Bern University of Applied Sciences, Department of Health Professions, Division of Physiotherapy, Spinal Movement Biomechanics Group, Bern, Switzerland; University of Basel, Faculty of Medicine, Basel, Switzerland.
University of Zurich, Balgrist University Hospital, Department of Chiropractic Medicine, Integrative Spinal Research, Zurich, Switzerland; University of Zurich, Zurich, Switzerland; ETH Zurich, Department of Health Science and Technology, Institute for Biomechanics, Zurich, Switzerland.
J Biomech. 2022 May;137:111102. doi: 10.1016/j.jbiomech.2022.111102. Epub 2022 Apr 25.
Musculoskeletal models have the potential to improve diagnosis and optimize clinical treatment by predicting accurate outcomes on an individual basis. However, the subject-specific modeling of spinal alignment is often strongly simplified or is based on radiographic assessments, exposing subjects to unnecessary radiation. We therefore developed and introduced a novel skin marker-based approach for modeling subject-specific spinal alignment and evaluated its feasibility by comparing the predicted L1/L2 spinal loads during various functional activities with the loads predicted by the generically scaled models as well as with in vivo measured data obtained from the OrthoLoad database. Spinal loading simulations resulted in considerably higher compressive forces for both scaling approaches over all simulated activities, and AP shear forces that were closer or similar to the in vivo data for the subject-specific approach during upright standing activities and for the generic approach during activities that involved large flexions. These results underline the feasibility of the proposed method and associated workflow for inter- and intra-subject investigations using musculoskeletal simulations. When implemented into standard model scaling workflows, it is expected to improve the accuracy of muscle activity and joint loading simulations, which is crucial for investigations of treatment effects or pathology-dependent deviations.

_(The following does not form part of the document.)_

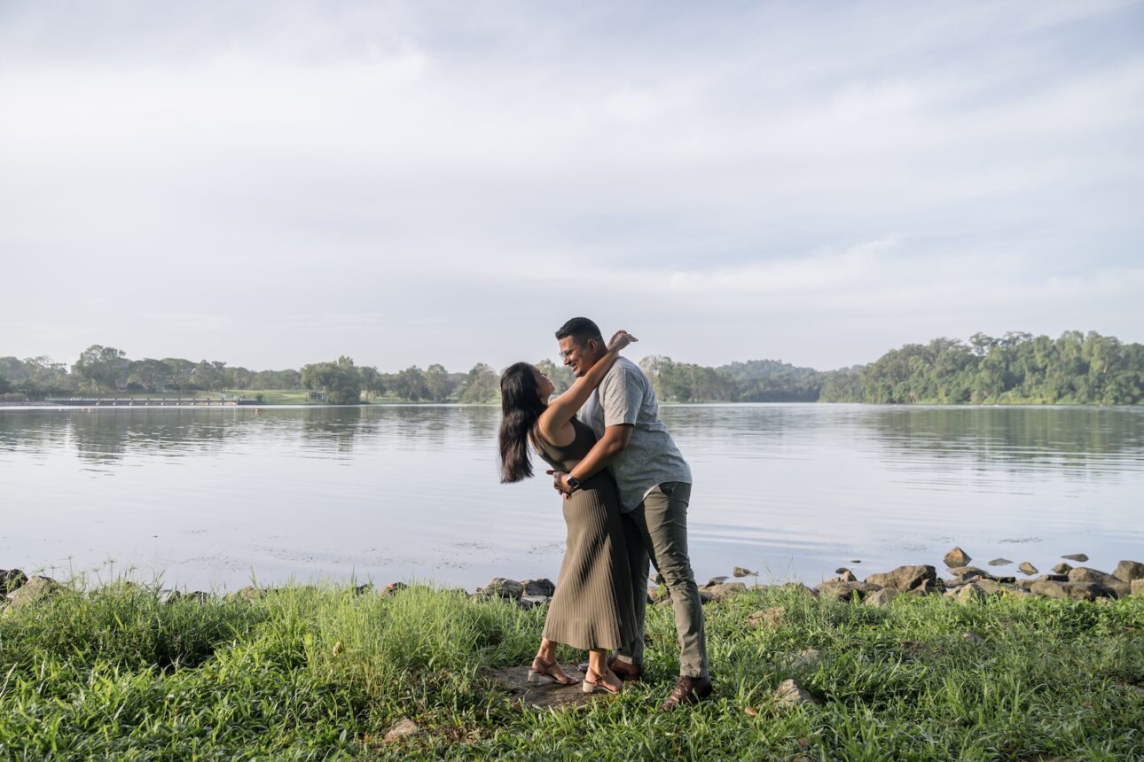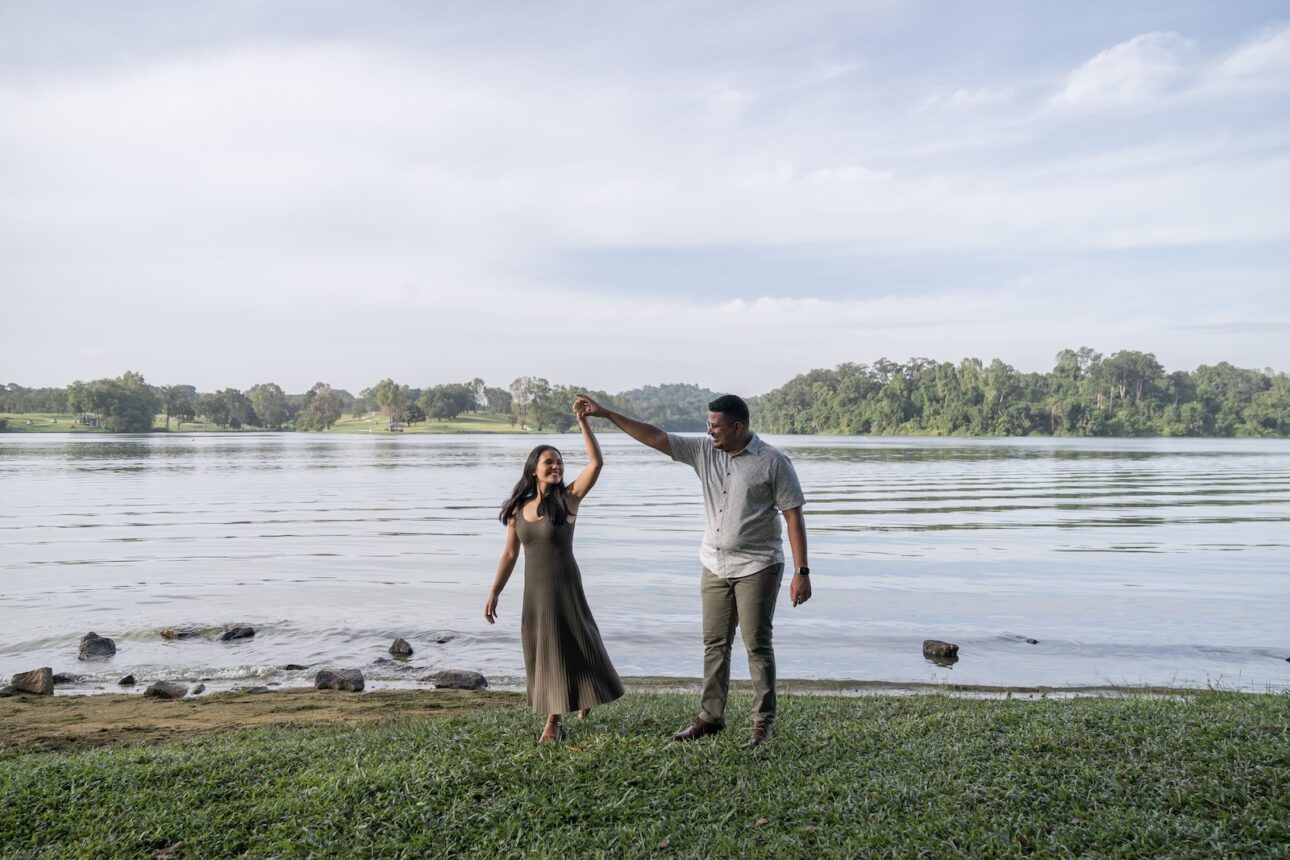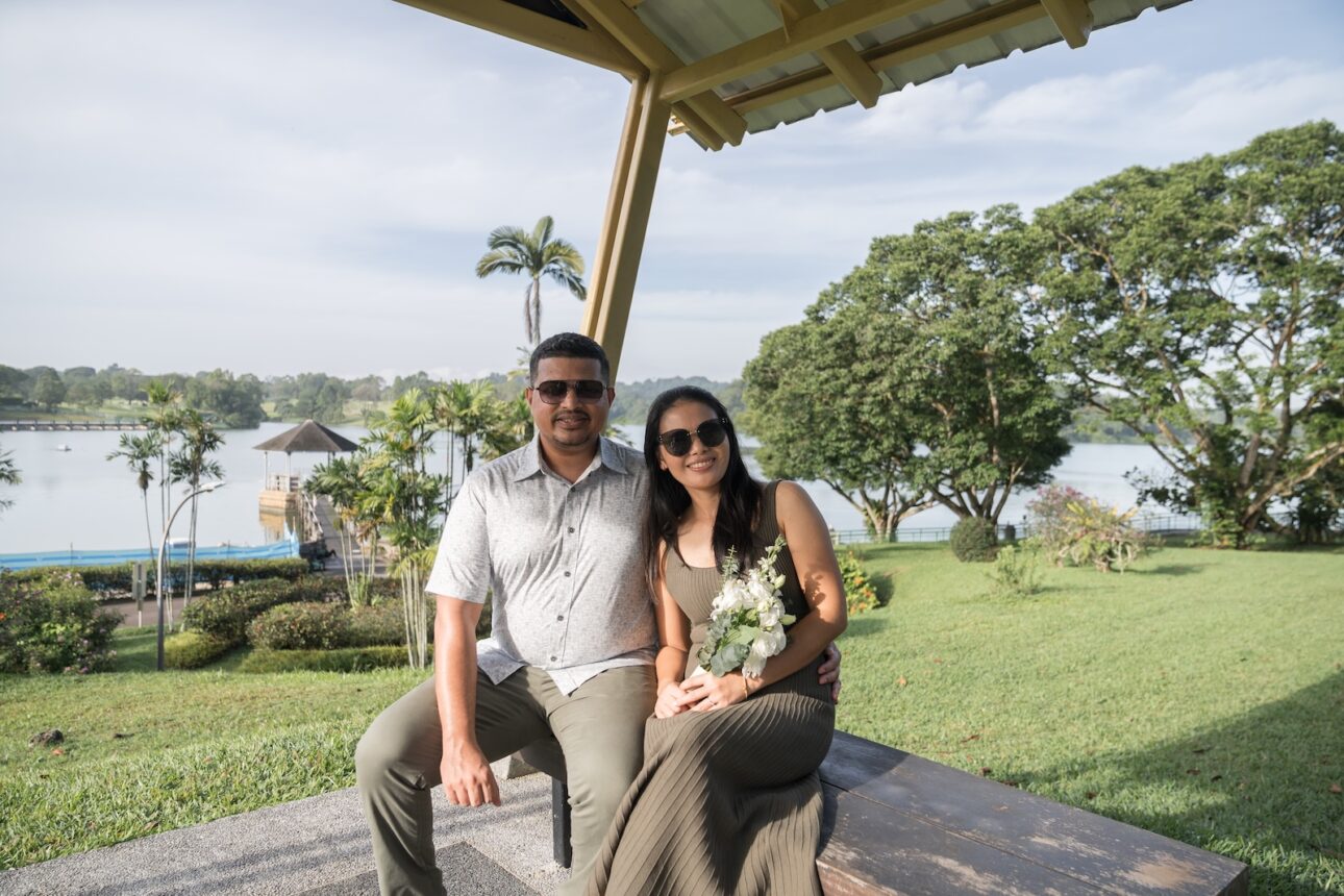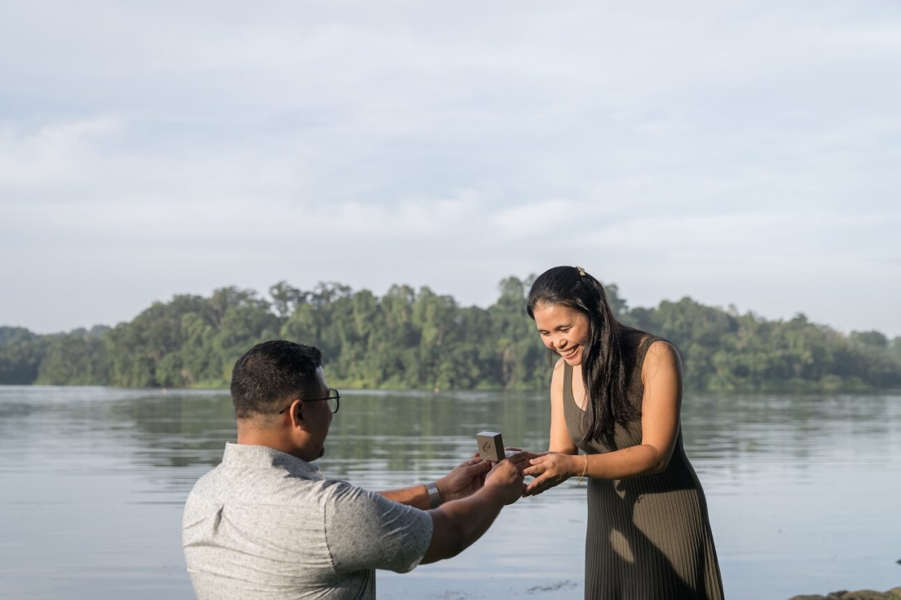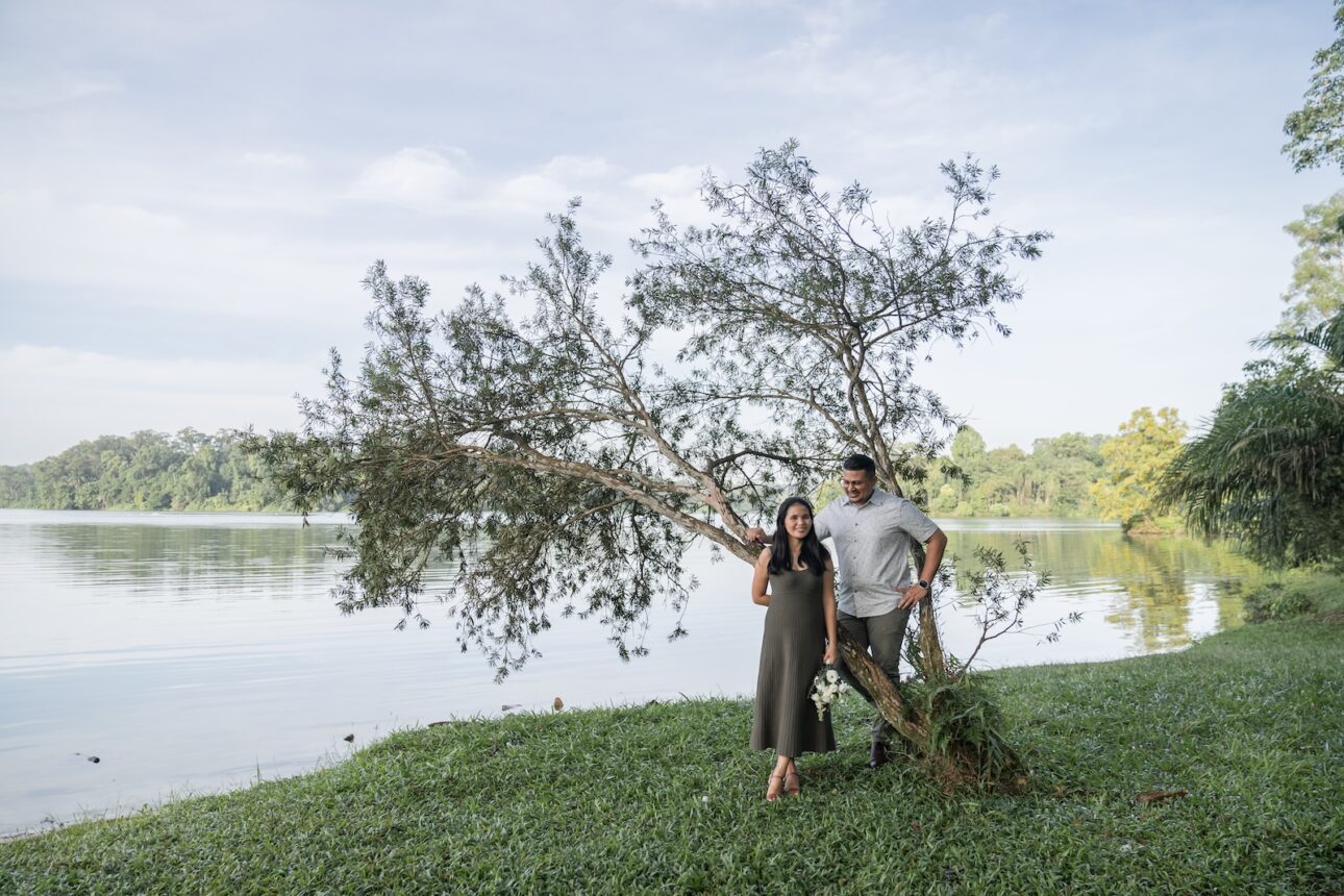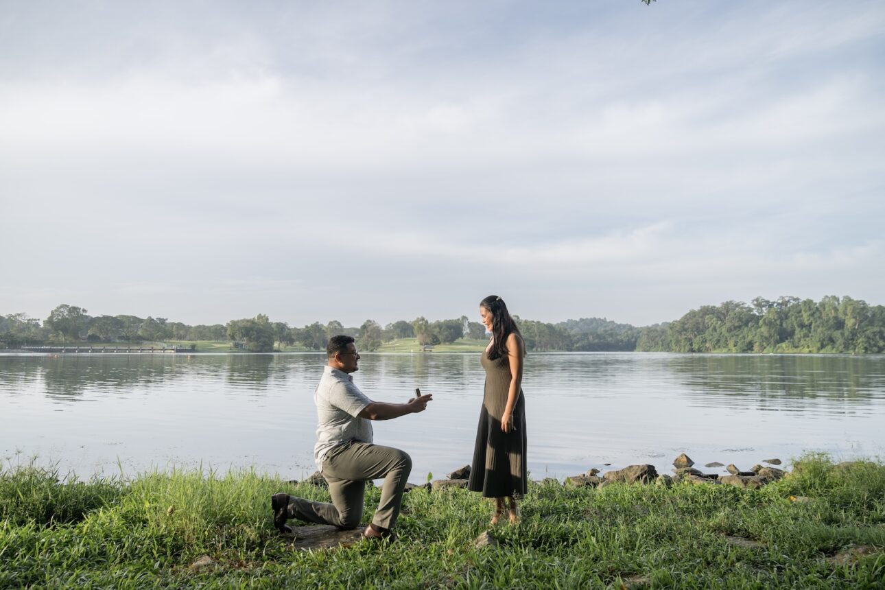 Anton knew Eva loves nature, so he wanted a proposal in one of Singapore’s parks in the early morning, before the hot sun melts everyone. We sneaked in a few exchanges to plan the location, flowers, date and time out without Eva knowing, and Anton had the photoshoot itself as a cover story. We were just headed out for a normal couple photoshoot, of course! Nothing fancy.

肌肉骨骼模型有可能通过预测个体的准确结果来改善诊断和优化临床治疗。然而,脊柱排列的特定于个体的建模通常被强烈简化,或者基于射线照相评估,使患者暴露于不必要的辐射下。因此,我们开发并引入了一种新的基于皮肤标记的方法来对特定于个体的脊柱排列进行建模,并通过将在各种功能活动期间预测的 L1/L2 脊柱载荷与通用比例模型预测的载荷以及来自 OrthoLoad 数据库的体内测量数据进行比较,评估了其可行性。脊柱加载模拟导致两种缩放方法在所有模拟活动中都产生了明显更高的压缩力,并且在直立站立活动中,特定于个体的方法的前向剪切力更接近或类似于体内数据,而在涉及大弯曲的活动中,通用方法的前向剪切力更接近或类似于体内数据。这些结果强调了使用肌肉骨骼模拟进行跨个体和个体内研究的所提出方法和相关工作流程的可行性。当将其实施到标准模型缩放工作流程中时,预计可以提高肌肉活动和关节载荷模拟的准确性,这对于研究治疗效果或病理相关性偏差至关重要。